Python Beginner
Reply content:
Thank you for your invitation.
Many introductory tutorials explain that serialization is typically the process:
Object 1-serialization--byte string--deserialization--Object 2
So many people don't know why to serialize.
It is estimated that many people have heard that Python does not perform well when dealing with computationally intensive tasks and generally does not fully utilize the benefits of multicore CPUs, which are optimized using multiple processes.
There is a multi-process calculation method, the process is divided into master and Worker,master responsible for scheduling tasks, the worker is dedicated to the calculation, such as celery this library.
So the problem is, Master has created a task that needs to be given to the worker to calculate, because the memory between processes is isolated and the worker cannot access the Task object directly.
So master needs to represent the object in some way to the worker, and the worker can construct the object (the alias) based on that representation, which is serialization and deserialization.
And Pickle is a kind of serialization in Python, good support for Python objects, and this is the reason why celery uses pickle by default, is the celery dependent on pickle?
。
From the point of view of serialization, there is no essential difference between pickle scheme and json,yaml,xml.
However, the pickle is not secure enough to never deserialize the pickle byte string of the non-trusted source, so the pickle scheme is not suitable for network traffic. Thank you for your invitation. Pickle can use a string representation of variables in almost any format (all built-in types + support pickle class instances), which is often used to store intermediate results.

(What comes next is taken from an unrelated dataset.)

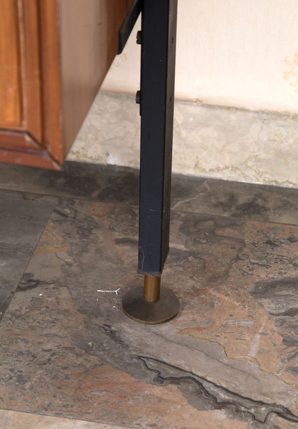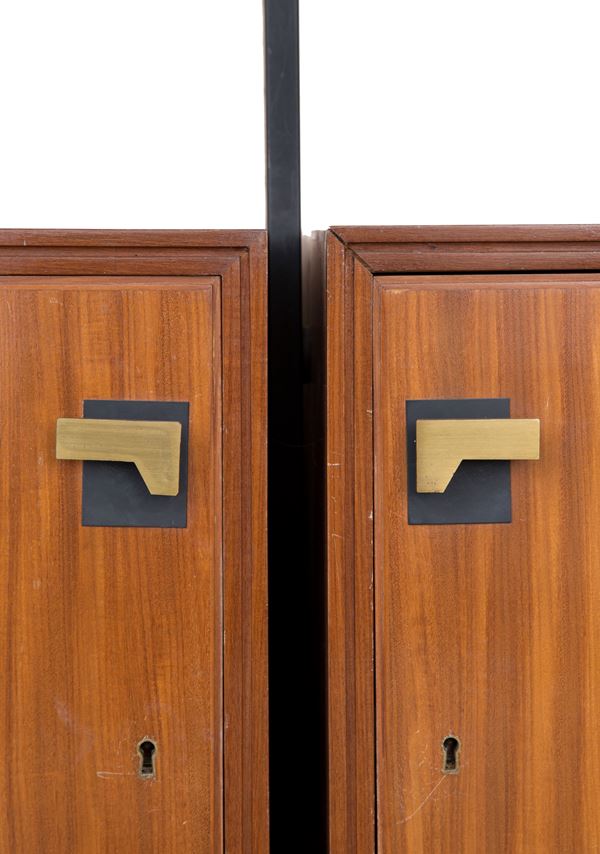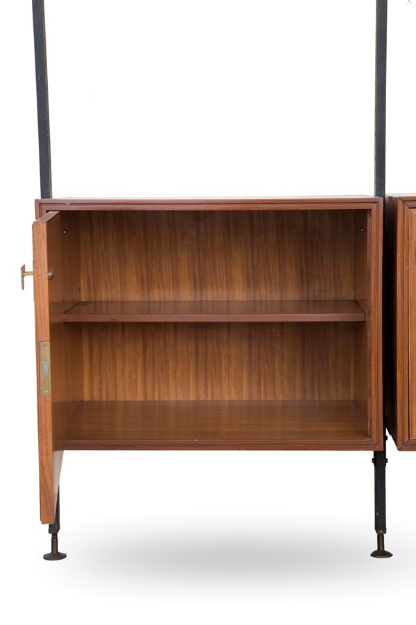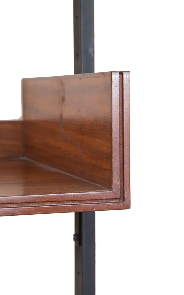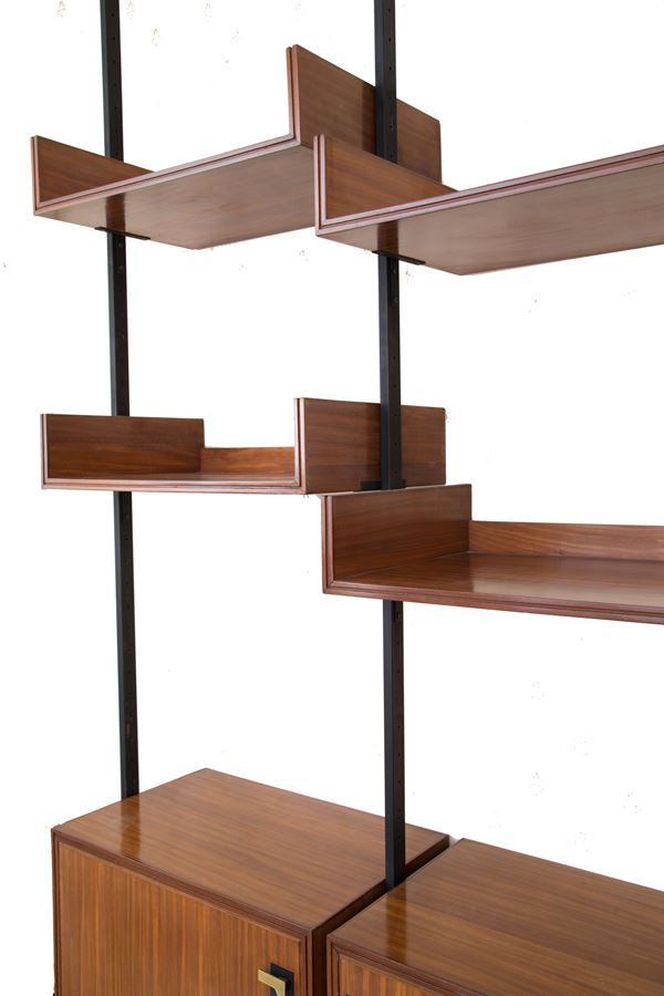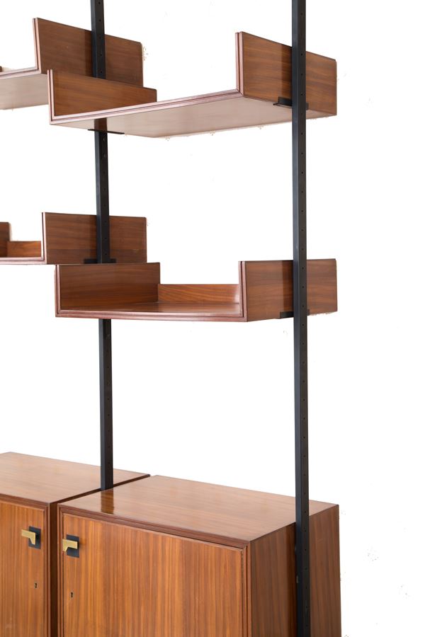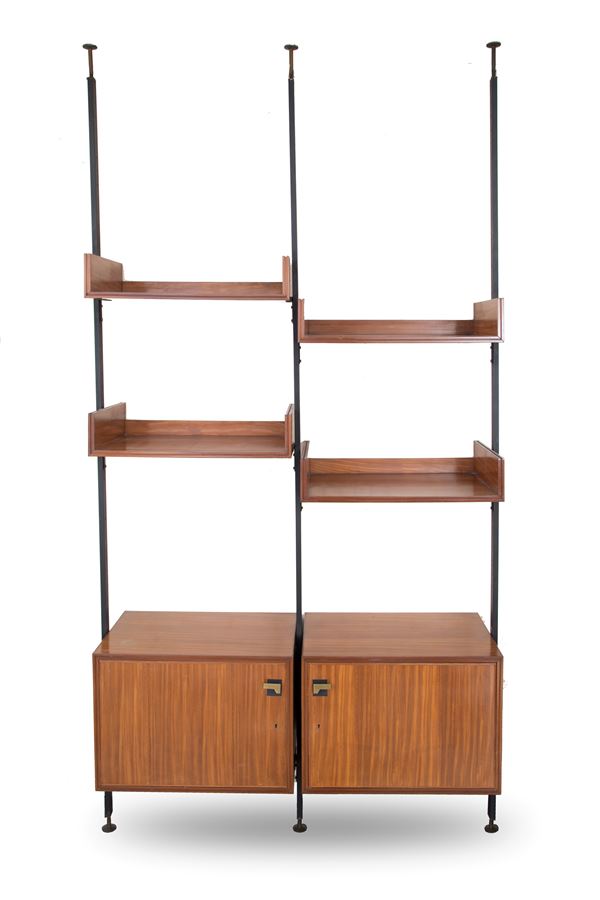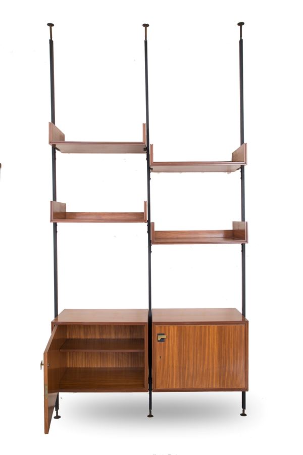Two-element bookcase in oak wood and black lacquered iron with modular elements and wooden shelves available to your taste and brass feet and handles. 70's. Minor defects and signs of wear and tear over time.

What does that mean? For example, one day you wrote a program to run for a long time, so you decided to add the "Save current progress to file" function, so that today can not run out, tomorrow will be able to read the archive to continue today's progress.
But here's the problem: "Current progress" is not necessarily a string, it could be a list, or a dictionary, or a collection, or even an instance of a class ... How can such a messy thing be written in a file?
So the pickle is useful.
>>>Import Pickle>>>Data = {... ' 1 ': True,... 23.45: Str,... Print: Set(),... b' Hello ': [0,0,0],... }>>>Pickle.dumps(Data)B ' \x80\x03}q\x00 (g@7s33333cbuiltins\nstr\nq\x01cbuiltins\nprint\nq\x02cbuiltins\nset\nq\x03]q\x04\x85q\ X05rq\x06x\x01\x00\x00\x001q\x07\x88c\x05helloq\x08]q\t (k\x00k\x00k\x00eu. '>>>Pickle.loads(_){23.45:
,
: Set (), ' 1 ': True, b ' Hello ': [0, 0, 0]}
Have you ever played a game? You know save/load? The file function that comes with Python can only store and read data in string format.
Pickle can be stored and read into other formats such as List dict data, which is called serialization and deserialization, your data structure to convert to a string, can be saved to a file, convenient for the next quick recovery, also can be transmitted over the network before the time to write the crawler ... Accidentally wrote the collapse ... There was no database at the time, it was automatically recovered with this goods. For example, to build a machine learning model, it is said that decision tree, the general decision tree model is the first achievement, and then pruning, and then make predictions, but there is a bad place is, obviously is the same tree run test data, but each time to re-build a tree, and the decision tree most of the time wasted in the achievements, So I can use pickle to save the whole tree during the first full run, and then run the test directly when the load comes in to predict or prune, which saves a lot of time. Serialization is useful, need to use serialization of the scene has a session in other high-level language, the object serialization is a troublesome thing, you want to encode the object, split into a string, and then deposited into the file. Reverse serialization, that is, read, restore to an object, to decode, intercept the string, to restore objects. With pickle, you can easily do this with dump and load. To put it bluntly, it is a tool for storing and retrieving Python data, which is stored in a file in another simple form, then conveniently transferred and propagated, and then restored back in the same way as pickle.